The use of freelance, temporary, or contract attorneys raises several ethical questions. The first concern is whether an Off-Site Associate-type arrangement is permissible under relevant ethical rules. The next concern is whether the arrangement would be profitable, practical, and beneficial to all parties. Research revealed that the professional relationship proposed here is permissible, profitable, practical, and a benefit to the Off-Site Associate, retaining attorney, and client.
The Relationship
The Ethics Committees refer to temporary attorneys, contract attorneys, or independent contractors, we prefer the term “freelance lawyer” because it includes the concept of specialist and expertise is a bedrock principle of the Off-Site Associates approach to practice. The Ethics Committees vary on the details, but all concur that attorneys and firms may use unassociated attorneys to serve clients. Having settled the threshold matter, significant issues remained about billing, disclosure, and conflicts.
Billing & Economics
The initial concern about billing was whether a contract attorney's fee was an "expense" or a "legal service." If, in every case, a fee paid to contract lawyer was an “expense” to the retaining attorney, Off-Site Associates would not exist. As skilled attorneys we provide “legal services” and become profit centers for a firm.
Legal Services v. Expenses
Unless agreed otherwise, an attorney must pass “expenses” through to the client largely unchanged. Therefore, an attorney will typically seek the lowest cost provider for fungible commodities that fall into the category of "expenses."
On the other hand, an attorney can add a profit to a fee paid to an attorney for "legal services" rendered. Law firms do this everyday. A firm hires an associate at a salary of $100,000 per year, or $50 per hour for a standard work schedule. Once the firm pays for benefits, increased office space, secretary, taxes, and all the rest, that associate may cost the firm $150,000 a year, or $75 per hour. Of course, there is also the cost of locating, interviewing, and training a new associate in addition to the amount of time before an associate becomes profitable. Because that associate delivers "legal services," the firm can bill those services to the client at a rate far greater that what the associate costs the firm. The clients are not privy to the internal cost structure of the firm and the amount of the total fee is governed by the familiar rules governing legal fees, including the skill of the attorney, complexity of the matter, etc.
We chose the name “Off-Site Associates” precisely because the relationship we propose retains this economic dynamic. The opinions call the profit made by a retaining attorney a "surcharge." However, unlike a traditional associate, we are profitable the first time, and every time you use us.
Disclosure
The Ethics Committees agree that as the contract attorney’s involvement increases, the retaining attorney's duty to disclose that involvement also increases. However, the Committees disagree about as to whether disclosure is required in all cases or when the contact attorney learns privileged information. Given the nature of an Off-Site Associate, it is likely that disclosure would be appropriate in most cases.
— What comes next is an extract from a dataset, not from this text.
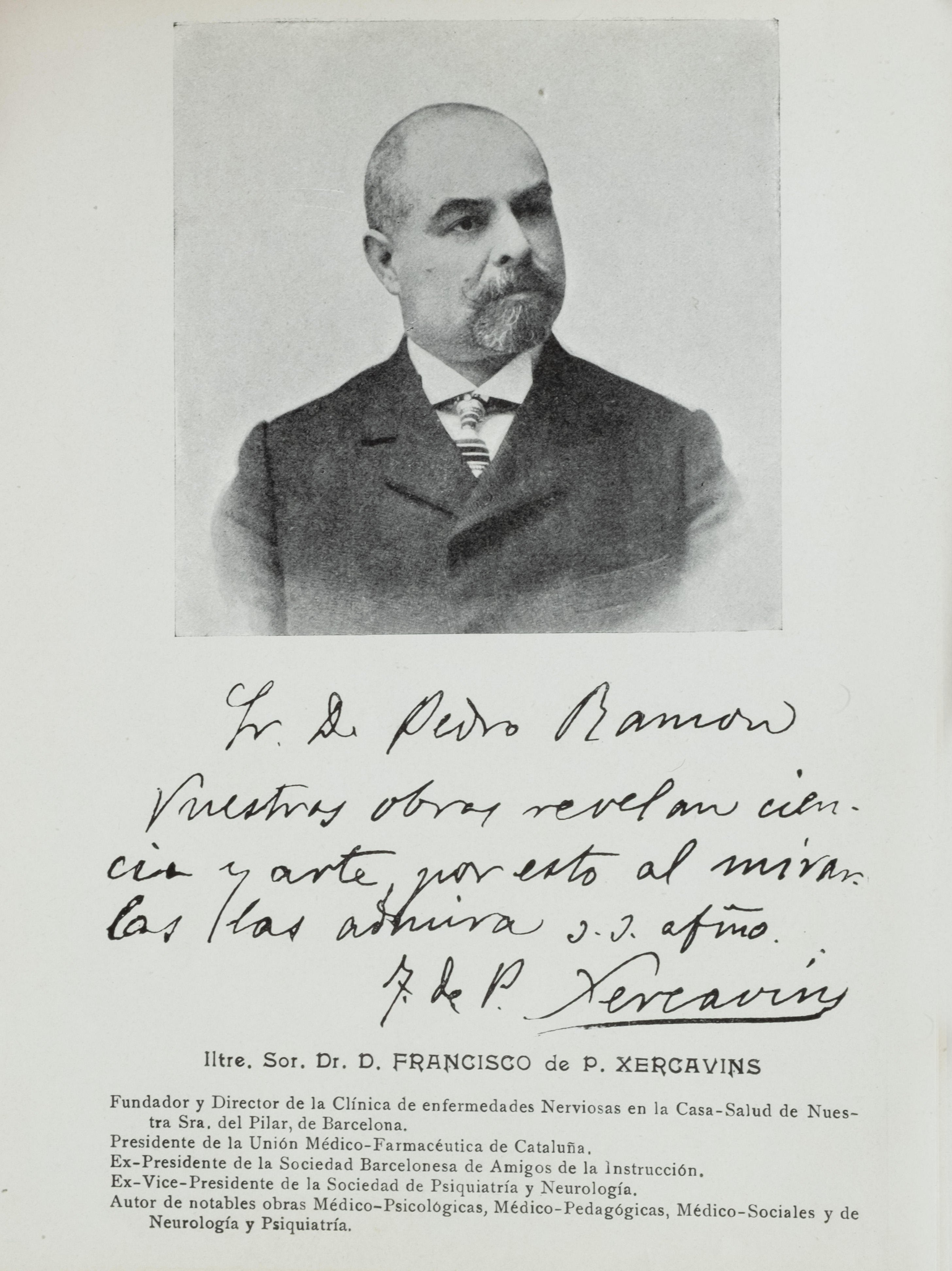 Fundador y Director de la Clínica de enfermedades Nerviosas en la Casa-Salud de Nuestra Sra. del Pilar, de Barcelona. Presidente de la Unión Médico-Farmacéutica de Cataluña. Ex-Presidente de la Sociedad Barcelonesa de Amigos de la instrucción, Ex-Vice-Presidente de la Sociedad de Psiquiatría y Neurología. Autor de notables obras Médico-Psicologicas, Médico-Pedagógicas, Médico-Sociales y deNeurología y Psiquiatría.

In the event of disclosure, we think it would be nice to disclose the involvement of a specialist. To assist your disclosure, we provide comprehensive information about ourselves on this site and as we grow we will remain dedicated to full disclosure about the identity, location, and skills of every attorney that may become affiliated with Off-Site Associates.
Conflicts of Interest
As a practical matter, we are not yet big enough to raise many actual conflicts. However, we are prepared for any number of Off-Site Associates and clients. We use sophisticated systems to catalog and search all information for potential conflicts. Moreover, our systems can be configured to isolate specialty groups from each other to minimize actual disqualification.